Before washing each panel, I repeated the spray with the pre-wash.
I then wrung out the sponge slightly in my wash bucket (approx 1 and a half caps to ten litres, so about 400:1) so that it was wet but not dripping.
Wiped over the panel lightly
Sprayed panel with meguiars Last Touch and then dried with an Elite Ultra plush drying towel
Started from the roof and did the whole car like that, including the windows.

I had two main concerns;
1- The drying towels were very dirty by the end of the wash (I used two towels for the whole car) 
2- the bug splatter was not removed. I was very mindful of the advice about not rubbing too hard so I re-soaked the area with the pre-spray three or four times and let it dwell for ages but the bugs didn't come off. I've never had a problem with bugs using a snow foam and TBM wash.

Undettered I decided to try the wifes Octavia vRS the following night. Hers was slightly dirtier than mine as it had been driven in the rain more but it was still fairly clean and it had almost zero bug splatter. The big difference was that I decided to try doing the wheels with ONR too.

I altered my technique slightly in that I didn't pre-spray the whole car first, I just did it panel by panel, allowing 30seconds or so between spraying and washing.
Out of neccessity (as the plush towels were now filthy) I also changed my drying towels to a more regular microfibre type of towel. Something like this.
The rest of the car was washed the same way as before.

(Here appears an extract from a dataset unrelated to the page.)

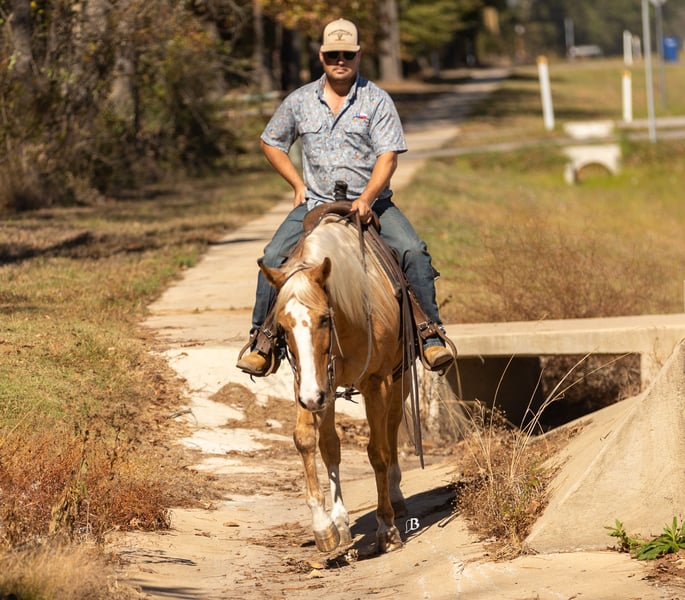 🎄𝐓𝐇𝐄 𝑯𝒐𝒍𝒊𝒅𝒂𝒚 𝐂𝐋𝐀𝐒𝐒𝐈𝐂🎄 Happening now thru MONDAY | DECEMBER 15th - Available EXCLUSIVELY on HorseBid's website! For more details and to register visit: www.Horsebid.com CONSIGNOR CONTACT: Flying B Equine, LLC 330-243-5233 LOCATION: Troy, TX BREED: AQHA REGISTERED: Yes REGISTERED NAME: Spot A Fire Water COLOR: Palomino HEIGHT: 14.2 AGE: 9 GENDER: Gelding Spot A Fire Water AKA “Fire” is a 2016 AQHA palomino gelding with the perfect amount of white, that stands 14.2HH. By a son of the great $6.6 Million dollar PE sire “SPOTS HOT”. Fire is a very well trained, versatile gelding that has packed all levels of riders here at our house! Fire is used in our lesson program for youth learning to ride and canter, and handles their inexperience with confidence! From the arena to the trails, he is the best and will boost his rider’s confidence! Fire goes anywhere you point the reins without hesitation, through water, over obstacles, and any type of terrain. You can jump on him and go enjoy an evening ride bareback and in a halter with no problems! He has absolutely no barn sourness, and walks back to our barn bridle less and in no rush! We have used Fire to move our cattle, and he loves watching a cow! He would be a great addition to someone wanting to play in the sorting / penning world. In the arena, this gelding to us is as smooth as butter! He has a soft trot and a rocking chair lope. Great transitions and easy cues, makes him so easy to enjoy. Our 3 year old little boy rides him around in the roundpen and arena by himself, surely you can too! He will also pivot on his haunches, side pass over logs, etc. He could easily go show in the Ranch classes! He would be perfect for a youth to bring up and show competitively! He has always been great with us, whether he had a month or a week off! Back at the barn, he is a barn favorite! He is the first to meet you at the gate, and is a great pasture mate! He stands for the farrier and picks up all 4 feet with ease! He has impeccable ground manners and will stand all day long for the kiddos to groom him! Our 3 year old loves to lead him around on his tricycle! He is very clean in his stall and has no weave or crib. Fire has never shown any negative behaviors in our program and has been a true joy to ride and own over the last several months! Fire is located with us in Troy, Texas. (Please notice our location change, as we have recently moved from Lufkin, to Troy, Tx) . Our pap We can help arrange shipping and buyers are welcome to try the horse in person as well. Fire is UTD on everything, we have PPE available, and you are welcome to do your own! All paperwork is in hand, and BOS will be signed within the exchange. You are more than welcome to review all of Fire’s information including PPE’s, numerous videos, records and more photos on our website! Flyingbequine.com/fire Please call Bailey with any questions! (330) 243-5233

The problems came when doing the wheels. It probably would have been better if I'd just done the faces, but as they are quite open spokes, you really have to do the insides of the wheels too if you want them to look clean. This meant a lot of dirt was running down the wheels and without a hose to rinse all the dirty water away it left them looking not too great. I used an old Autoglym chamois to dry them but I really felt there was still too much dirt on the wheels to safely dry them. 
Now I could have got the hose out and rinsed them off but it kind of defeats the purpose of Optimum No Rinse! Do others just do the faces and forget about the backs? 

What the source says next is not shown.